DUDE, BUTCHERING. I'm jealous. That is totally a goal someday, to learn how to and have giant fridge and freezer so I can store my massacred cow/elk/roadkill.
Well, I do not think I will be butchering whole cows or even pigs. I do not think the kitchen is big enough, but breaking down chickens, whole fish, and parts of cows/pigs - get a 1/4 cow or some such and break it down. We'll see how it goes. If nothing else it is an excuse to buy more knives.
"Corn syrup is everywhere; check your pockets."
"Stop this brownie talk, you devils!" - Sabine
That just means you have to use them, Booter, so you'll have an excuse to touch up the edge
come sharpen mine! i tried sharpening one and it's still dull as fuck.
my primal journal:
Butchering stuff sounds like fun.
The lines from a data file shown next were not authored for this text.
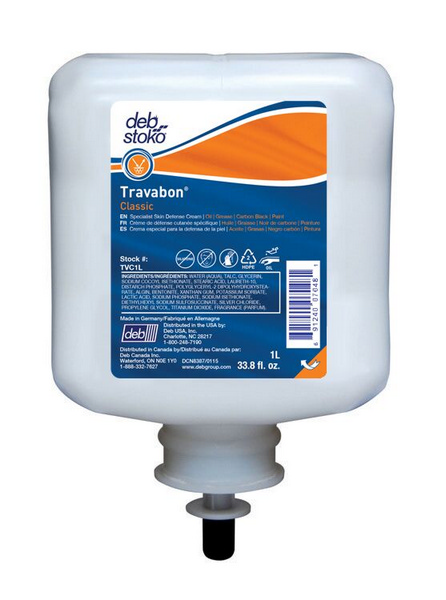 Travabon classic cream ist eine spezielle, nicht fettende, pigmenthaltige Hautschutzsalbe mit ausgezeichneter Schutzwirkung gegen wasserunlösliche Arbeitsstoffe.
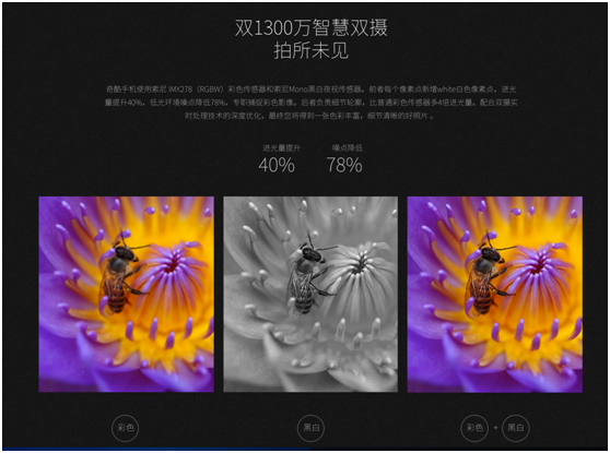 作为360奇酷手机旗舰版最大的亮点,则在于其智慧双摄技术。与其他双摄像头手机均有所不同,它采用独创的“彩色+黑白Mono夜视智慧双摄”,2颗1300万摄像头为1颗彩色镜头和1颗黑白夜视镜头的搭配组合。彩色摄像头采用目前最好的索尼IMX 278四色传感器,增加了白色像素点,可提高亮度减少噪点,其用于记录被摄物体的色彩信息;黑白夜视镜头采用定制的IMX Mono全透光传感器,进光量为普通彩色摄像头的4倍,其用于记录被摄物体的轮廓和细节信息。经旗舰版双摄像头拍摄而成的照片,具有更丰富的细节信息,因此在弱光和暗光环境下表现更佳,甚至可以超越作为业内摄像头调教标杆的iPhone6s。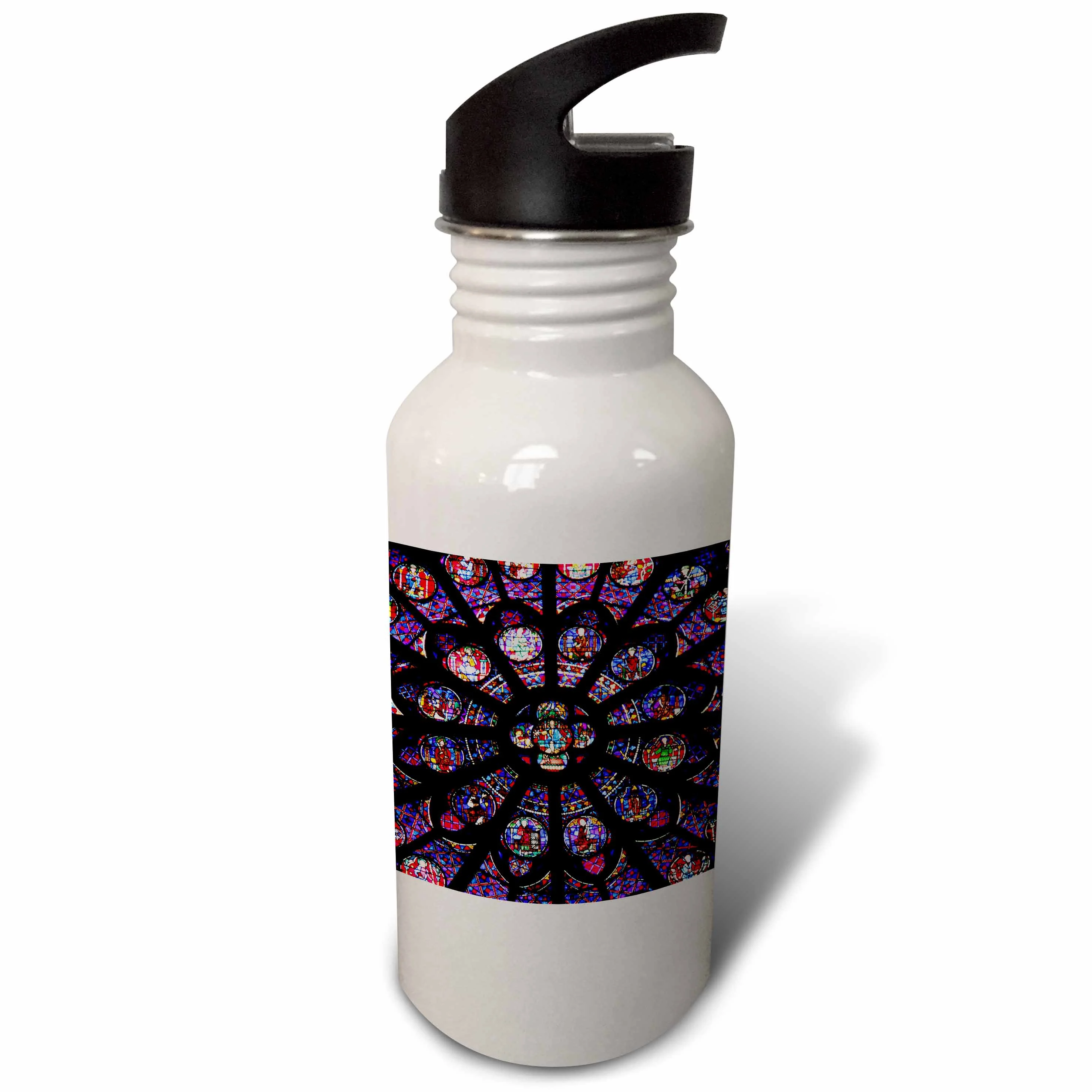 France, Paris. Stained glass windows of Notre-Dame Cathedral. 21 oz Sports Water Bottle wb-188736-1

I really need to invest in some good kitchen knives. All of the knives I have ever spent any money on have all been designed to be pulled from some concealed location and used to stab someone though the eye.
My blog: My Primal Adventure
"I've come here to chew bubble gum and kick ass...and I'm all out of bubble gum."
What I need to invest in is a vacuum sealer. My FIL smokes these awesome ribs then cuts them up in small sections and vacuum seals them. For leftovers, you just poke some vent holes in the plastic and microwave them (like Grok did). I would like to translate that into frozen vegetables, like a cup of bell peppers vacuum sealed for use in the winter. I like that idea better than canning stuff, yo.
If I just said LOL, I lied. Do or do not. There is no try.